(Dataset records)
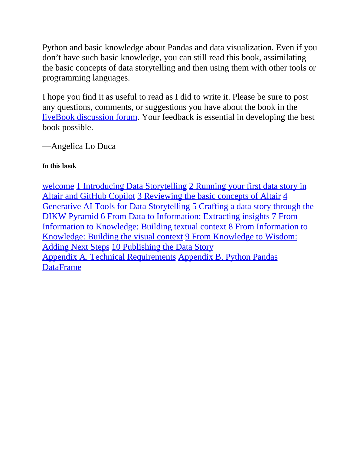 Data Storytelling with Generative AI (MEAP Edition) by Angelica Lo Duca - 2025/2026 Python & Altair Guide to Ace Data Science Exams and Projects
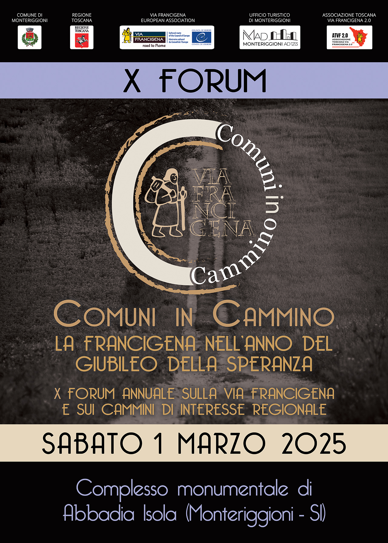 Sabato 1 Marzo 2025, presso il complesso monumentale di Abbadia Isola (Monteriggioni-SI), si svolgerà il X Forum annuale sulla Via Francigena e sui Cammini di interesse regionale “Comuni in Cammino. La Francigena nell’anno del Giubileo della Speranza”.
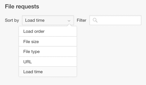 Ora, per identificare il motivo di un lungo tempo di caricamento, devi ordinare la “cascata” di Pingdom, scegliendo “tempo di caricamento” dal menu.
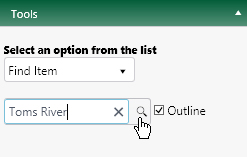 Use the Find Item function to search the database for locations and then to present the results of that search on the map.
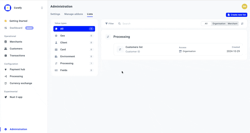 - Choose who can access the list. Click Whole Organisation to grant access to its every Member. To enable limited access, click Merchant and select the Merchant account in the combo box below. Click Create a List.
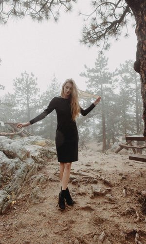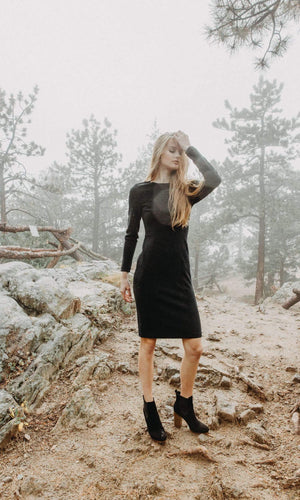 The Nev dress by Level 99 is a must have!   It is your classy yet very stylish little black dress.  Instant sophistication is what you will feel when you put on Level 99's Nev Long Sleeve Faux Suede Dress. Minimal effort, maximum impact.  Falling at the knee, it features a round neckline, long sleeves, detailed stitching around the sides of the dress creating that admirable designer look.  It is made from super soft faux suede that is ultra soft to the touch. Available in Black. Fabric is 53% Polyester, 38% Rayon, 9% Spandex. Machine wash cold, inside out, gentle cycle.  Made in China.
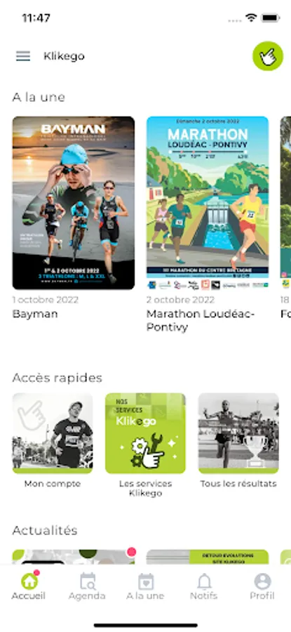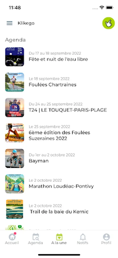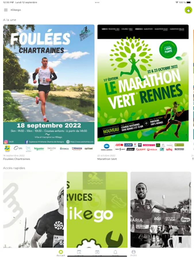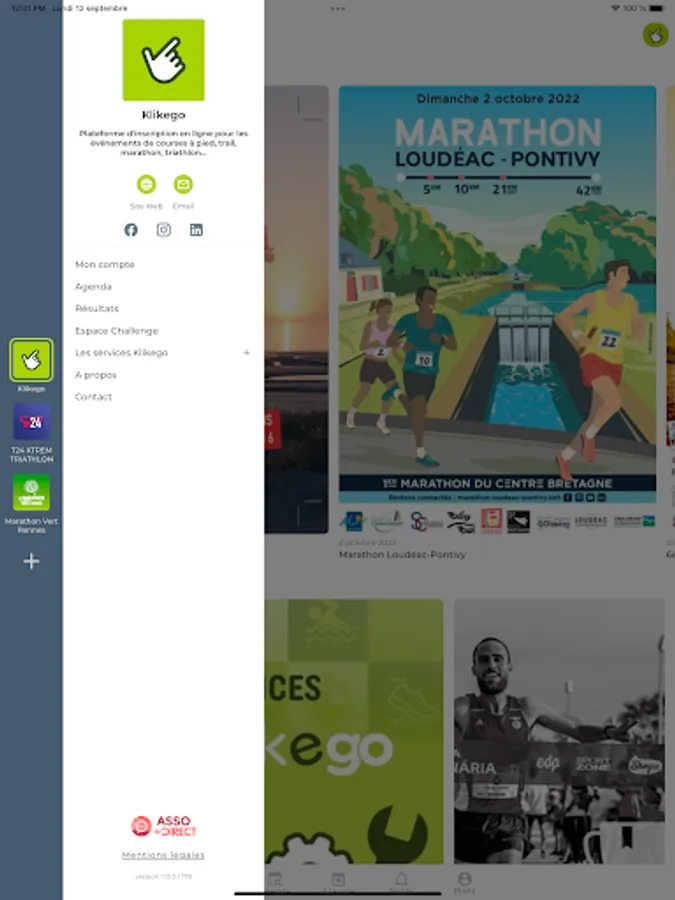 The Klikego app allows you to consult the schedules and results of sporting events. You can also register for the various events, attach your medical certificate and pay your commitment online.
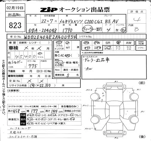 Mercedes-Benz C CLASS с аукциона Японии ZIP Osaka лот № 823
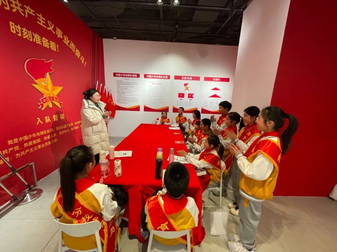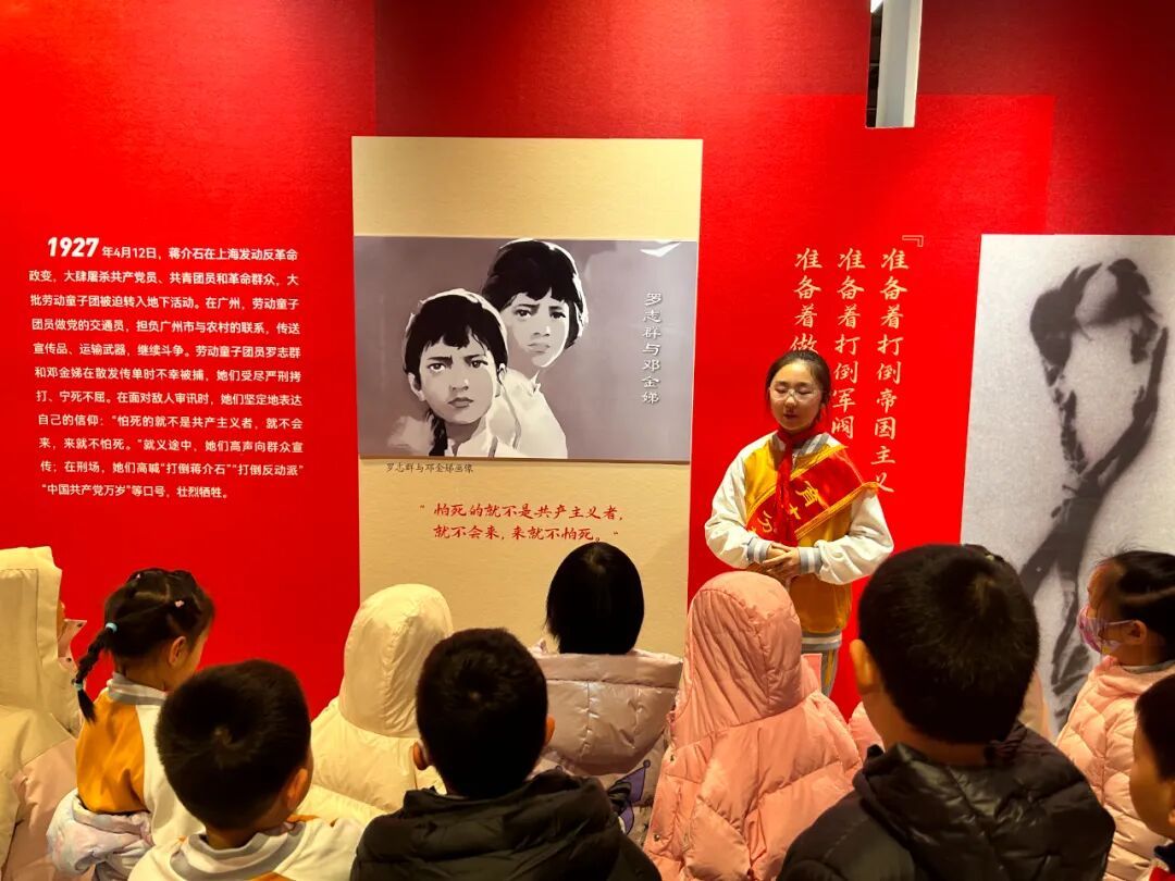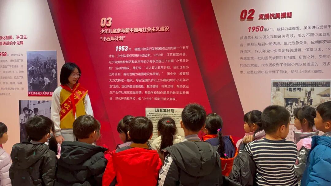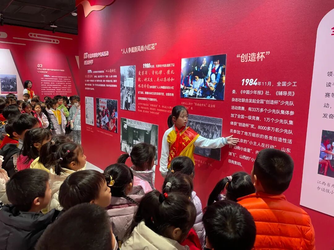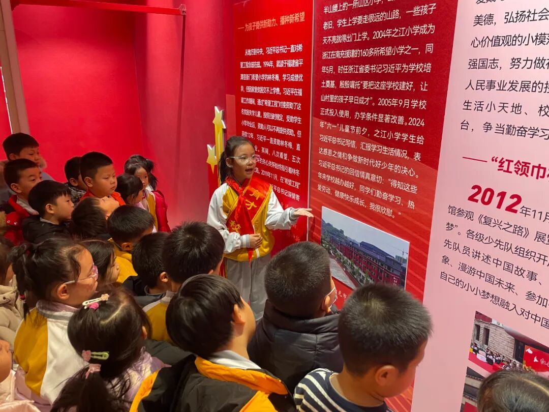 展览现场,一年级同学在班主任老师们的组织和带领下跟随小讲解员,聆听红领巾的百年历程,目光中充满向往与崇敬。此次活动不仅是一次生动的队前教育,更是一场温暖的传承接力,在讲述与聆听之间,少先队的使命与荣光深深扎根于孩子们心中。
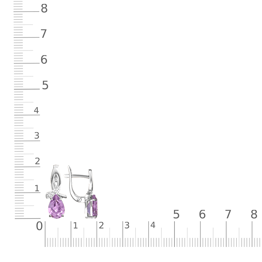 Аметист натуральный, количество 2 шт., огранка груша, размер 9ˣ6 ; Фианит б/цв, количество 6 шт., огранка круг, размер 1,25 мм
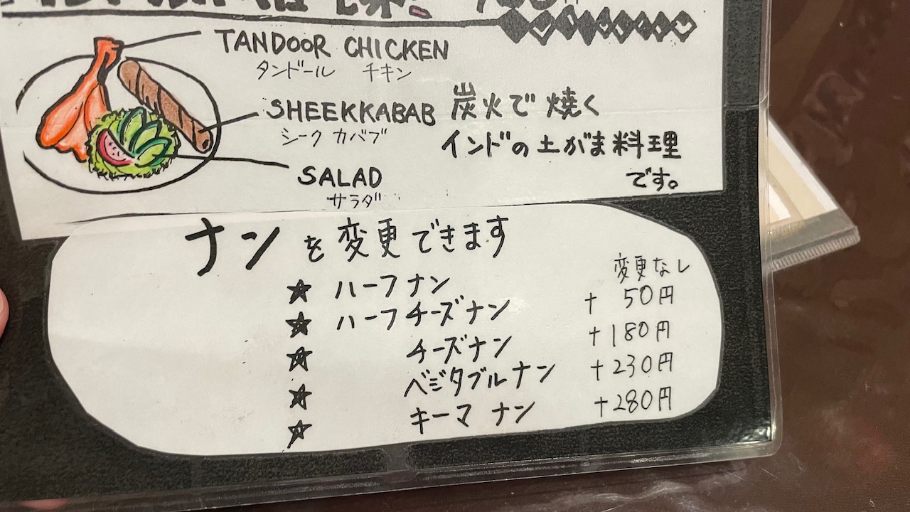 ナンが付いているセットは、ハーフナンから変更可能。定番人気のチーズナンも、ベジタブル、キーマもどんなものか気になりますね!
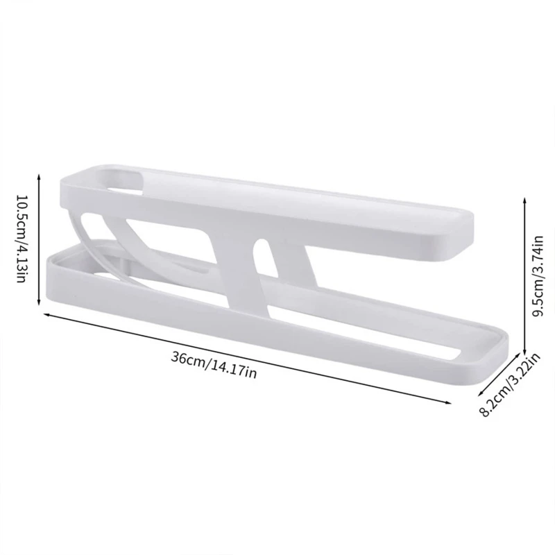 Engineered with a space-saving two-tier design to neatly hold and dispense eggs. Measuring 14.17 inches in length and 3.74 inches in height, this lightweight dispenser, weighing just 0.41 pounds, is crafted from durable plastic, ensuring longevity and ease of cleaning. Its automatic rolling design cleverly uses gravity to roll the eggs down as one is taken, ensuring the oldest eggs are used first, minimizing waste. The compact structure is perfect for refrigerator organization, fitting snugly without the need for assembly. Its straightforward and efficient operation makes it suitable for busy households, ensuring fresh eggs are always within reach.
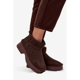 Tieto dámske snehové čižmy vyrobené z prírodného semišu sú štýlovou ponukou na zimné dni. Sú posadené na platforme, poskytujú stabilitu a pohodlie pri chôdzi a zároveň účinne izolujú proti chladu. Vnútorná strana čižiem je vybavená kožušinou, ktorá zaručuje teplo a pohodlie počas mrazivých dní. Moderný strih zaručuje, že snehové čižmy dokonale zapadnú do súčasných trendov. Ideálna voľba pre ženy, ktoré oceňujú štýl a pohodlie v zimnom oblečení.

### [WHAT TO DO]
Quote all the lines above exactly as given. Do not include the pictures.

### [EXERCISE ANSWER]
 Data Storytelling with Generative AI (MEAP Edition) by Angelica Lo Duca - 2025/2026 Python & Altair Guide to Ace Data Science Exams and Projects
 Sabato 1 Marzo 2025, presso il complesso monumentale di Abbadia Isola (Monteriggioni-SI), si svolgerà il X Forum annuale sulla Via Francigena e sui Cammini di interesse regionale “Comuni in Cammino. La Francigena nell’anno del Giubileo della Speranza”.
 Ora, per identificare il motivo di un lungo tempo di caricamento, devi ordinare la “cascata” di Pingdom, scegliendo “tempo di caricamento” dal menu.
 Use the Find Item function to search the database for locations and then to present the results of that search on the map.
 - Choose who can access the list. Click Whole Organisation to grant access to its every Member. To enable limited access, click Merchant and select the Merchant account in the combo box below. Click Create a List.
 The Nev dress by Level 99 is a must have!   It is your classy yet very stylish little black dress.  Instant sophistication is what you will feel when you put on Level 99's Nev Long Sleeve Faux Suede Dress. Minimal effort, maximum impact.  Falling at the knee, it features a round neckline, long sleeves, detailed stitching around the sides of the dress creating that admirable designer look.  It is made from super soft faux suede that is ultra soft to the touch. Available in Black. Fabric is 53% Polyester, 38% Rayon, 9% Spandex. Machine wash cold, inside out, gentle cycle.  Made in China.
 The Klikego app allows you to consult the schedules and results of sporting events. You can also register for the various events, attach your medical certificate and pay your commitment online.
 Mercedes-Benz C CLASS с аукциона Японии ZIP Osaka лот № 823
 展览现场,一年级同学在班主任老师们的组织和带领下跟随小讲解员,聆听红领巾的百年历程,目光中充满向往与崇敬。此次活动不仅是一次生动的队前教育,更是一场温暖的传承接力,在讲述与聆听之间,少先队的使命与荣光深深扎根于孩子们心中。
 Аметист натуральный, количество 2 шт., огранка груша, размер 9ˣ6 ; Фианит б/цв, количество 6 шт., огранка круг, размер 1,25 мм
 ナンが付いているセットは、ハーフナンから変更可能。定番人気のチーズナンも、ベジタブル、キーマもどんなものか気になりますね!
 Engineered with a space-saving two-tier design to neatly hold and dispense eggs. Measuring 14.17 inches in length and 3.74 inches in height, this lightweight dispenser, weighing just 0.41 pounds, is crafted from durable plastic, ensuring longevity and ease of cleaning. Its automatic rolling design cleverly uses gravity to roll the eggs down as one is taken, ensuring the oldest eggs are used first, minimizing waste. The compact structure is perfect for refrigerator organization, fitting snugly without the need for assembly. Its straightforward and efficient operation makes it suitable for busy households, ensuring fresh eggs are always within reach.
 Tieto dámske snehové čižmy vyrobené z prírodného semišu sú štýlovou ponukou na zimné dni. Sú posadené na platforme, poskytujú stabilitu a pohodlie pri chôdzi a zároveň účinne izolujú proti chladu. Vnútorná strana čižiem je vybavená kožušinou, ktorá zaručuje teplo a pohodlie počas mrazivých dní. Moderný strih zaručuje, že snehové čižmy dokonale zapadnú do súčasných trendov. Ideálna voľba pre ženy, ktoré oceňujú štýl a pohodlie v zimnom oblečení.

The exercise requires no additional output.